Assignment:
Retype exactly the lines from the one that contains "Wie Wolfgang Felber" through the end of the listing, both included, but not the pictures.

Data block:
━━━━━━━━━━━━━━━━━━━━━━━━━━━━━━
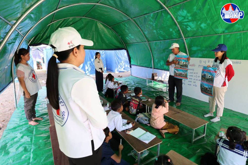 AKP Banteay Meanchey, January 05, 2026— The Cambodian Red Cross (CRC) team on Jan. 5 raises the awareness of displaced children at the Wat Chan Sy Samaki Ratanaram Safety Centre in Kop commune, O’Chrov district, Banteay Meanchey province, about the dangers of explosive...
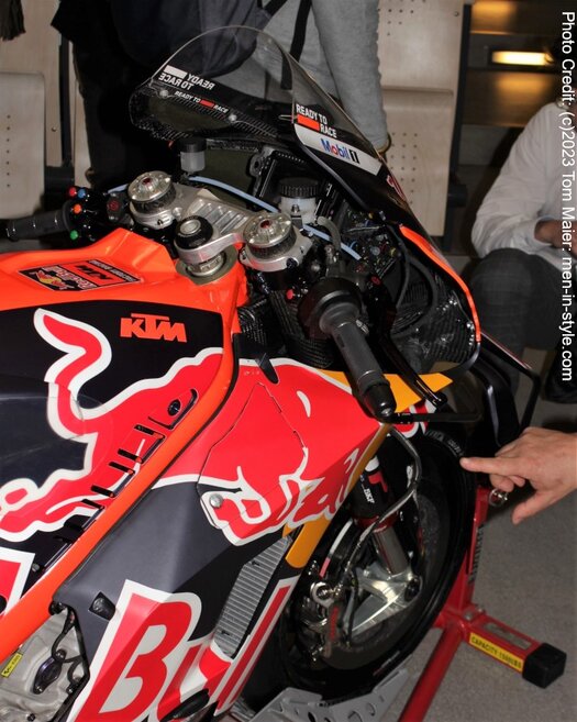 Wie Wolfgang Felber den Zuhörern erklärt, ist es auch im fortgeschrittenen Computer-Zeitalter nicht möglich alle Fahr-Situationen zu berechnen und die Luftströmungsfelder zu simulieren - da sich das Motorrad ständig „…wie ein Kampfflieger bewegt“, (Schräglagen bis 62° und Pitch (Vorderrad-Eintauch-Bewegung) +/-10°). Ein weiteres Feintuning der Aero auch im Hinblick auf Geräusche und Turbulenzen erfolgt im Strömungskanal des KTM-Windtunnels anhand vom Motorrad-Clay-Prototyp, einschließlich mit aufgesetztem individuell-nachgebildeten Fahrer-Dummy-Modell. Die Potenziale zur Verbesserung liegen hier an der Verkleidung, den Flügeln und Kühlkanälen - oft sind die Änderungen im minimalen, wenige Millimeter-Bereich – jedoch mit großen Auswirkungen. Wichtig – dieses Aero-„Maßanzug“-Paket muss zum Saisonbeginn für jeden Fahrer homologiert werden!
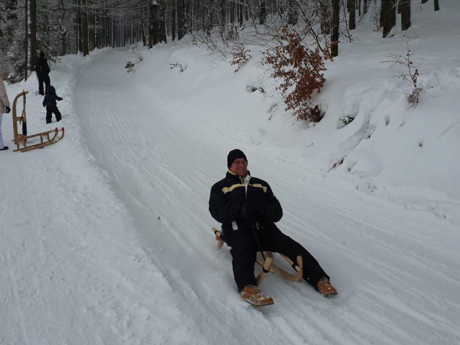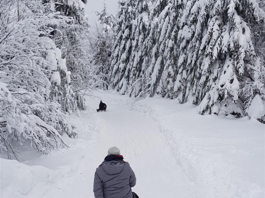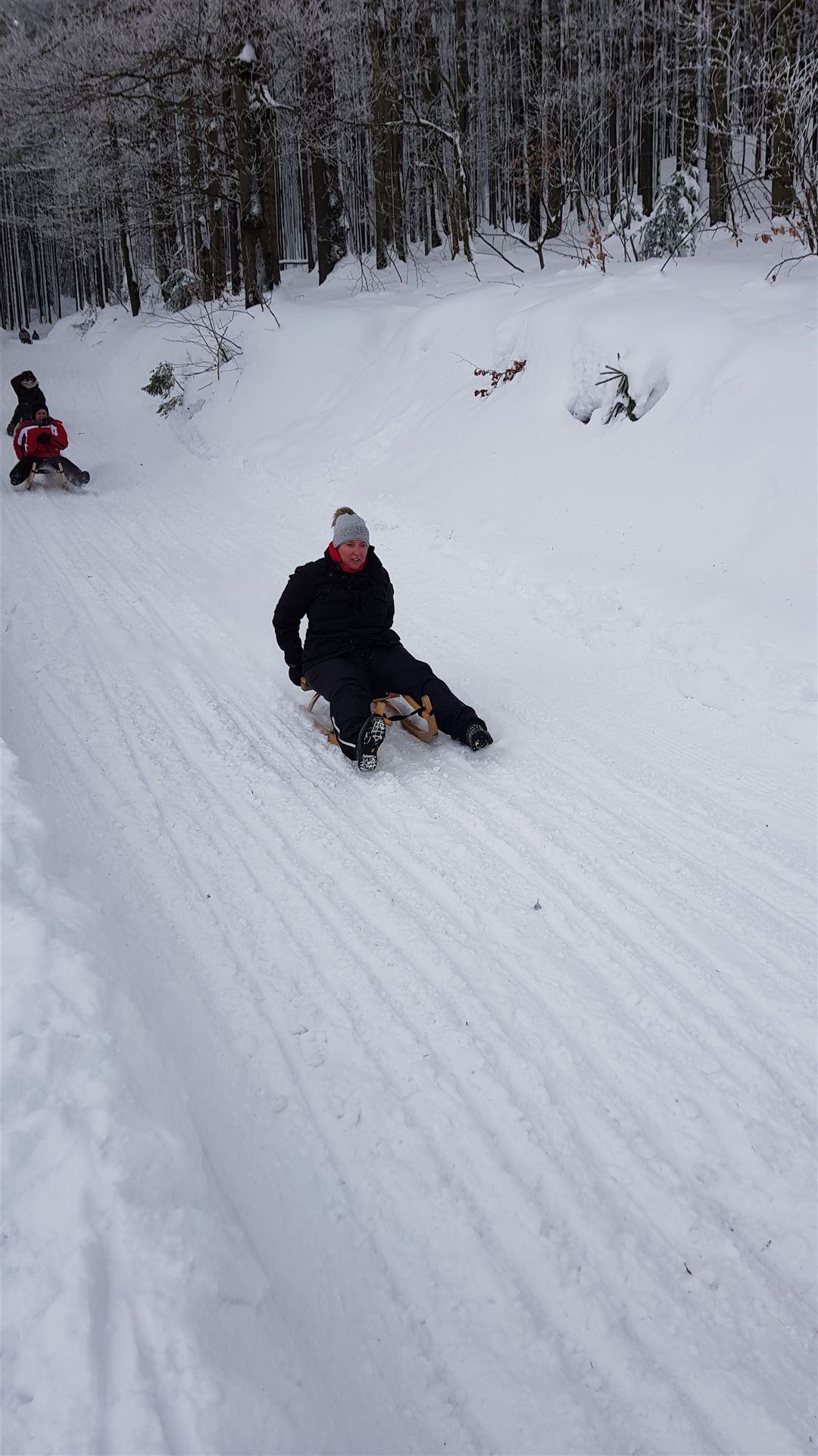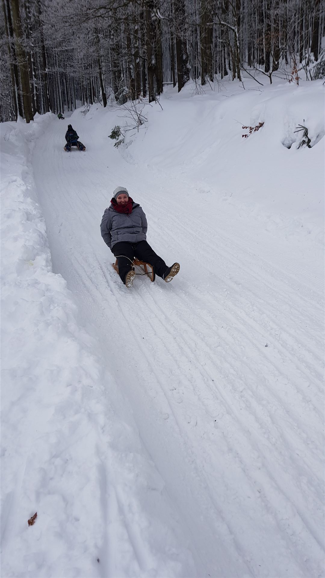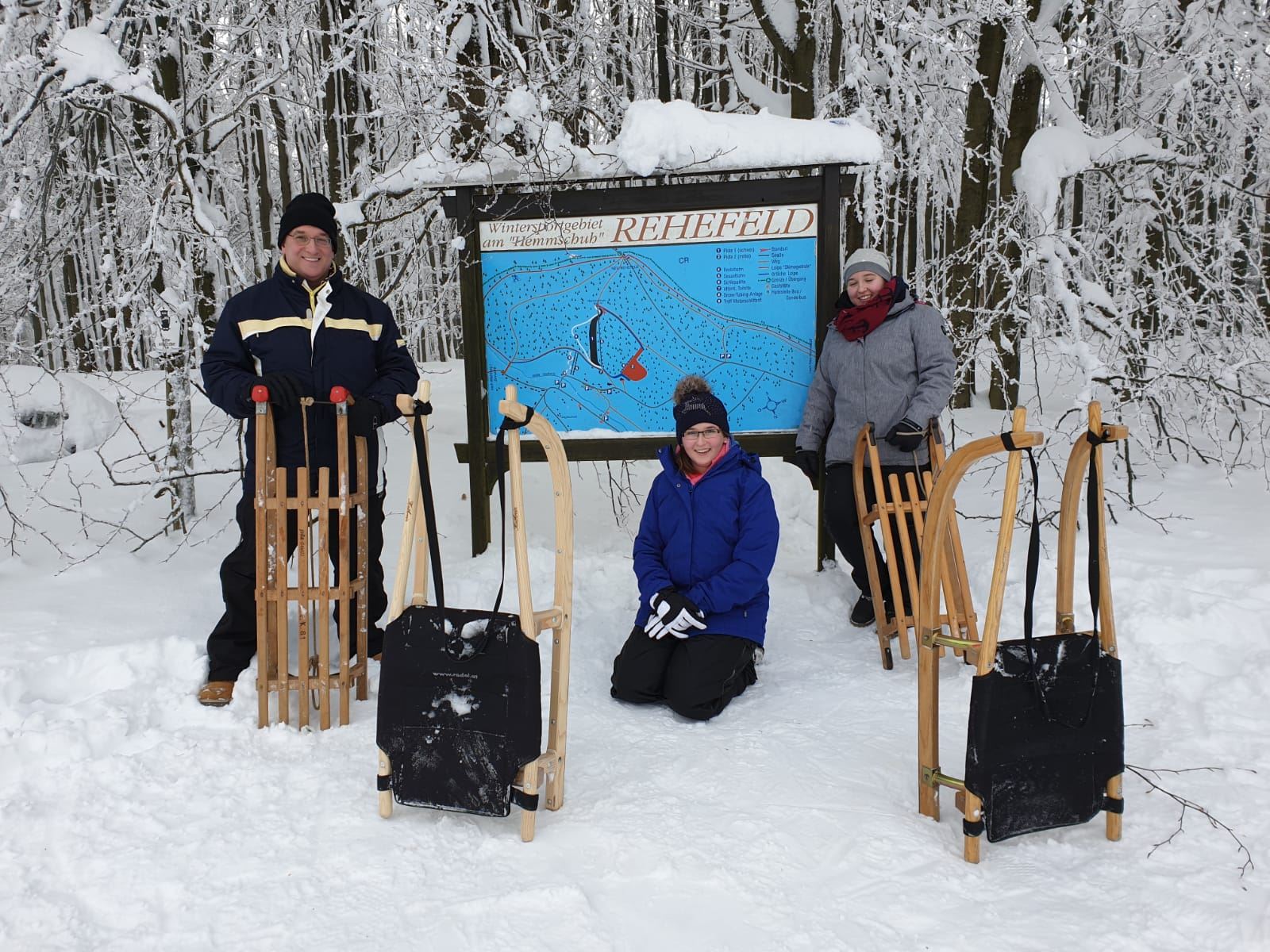 Wir packten unsere Schlitten aus und gingen Richtung Berg, da dort eine tolle Rodelbahn sein sollte.
━━━━━━━━━━━━━━━━━━━━━━━━━━━━━━
Finished task:
 Wie Wolfgang Felber den Zuhörern erklärt, ist es auch im fortgeschrittenen Computer-Zeitalter nicht möglich alle Fahr-Situationen zu berechnen und die Luftströmungsfelder zu simulieren - da sich das Motorrad ständig „…wie ein Kampfflieger bewegt“, (Schräglagen bis 62° und Pitch (Vorderrad-Eintauch-Bewegung) +/-10°). Ein weiteres Feintuning der Aero auch im Hinblick auf Geräusche und Turbulenzen erfolgt im Strömungskanal des KTM-Windtunnels anhand vom Motorrad-Clay-Prototyp, einschließlich mit aufgesetztem individuell-nachgebildeten Fahrer-Dummy-Modell. Die Potenziale zur Verbesserung liegen hier an der Verkleidung, den Flügeln und Kühlkanälen - oft sind die Änderungen im minimalen, wenige Millimeter-Bereich – jedoch mit großen Auswirkungen. Wichtig – dieses Aero-„Maßanzug“-Paket muss zum Saisonbeginn für jeden Fahrer homologiert werden!
 Wir packten unsere Schlitten aus und gingen Richtung Berg, da dort eine tolle Rodelbahn sein sollte.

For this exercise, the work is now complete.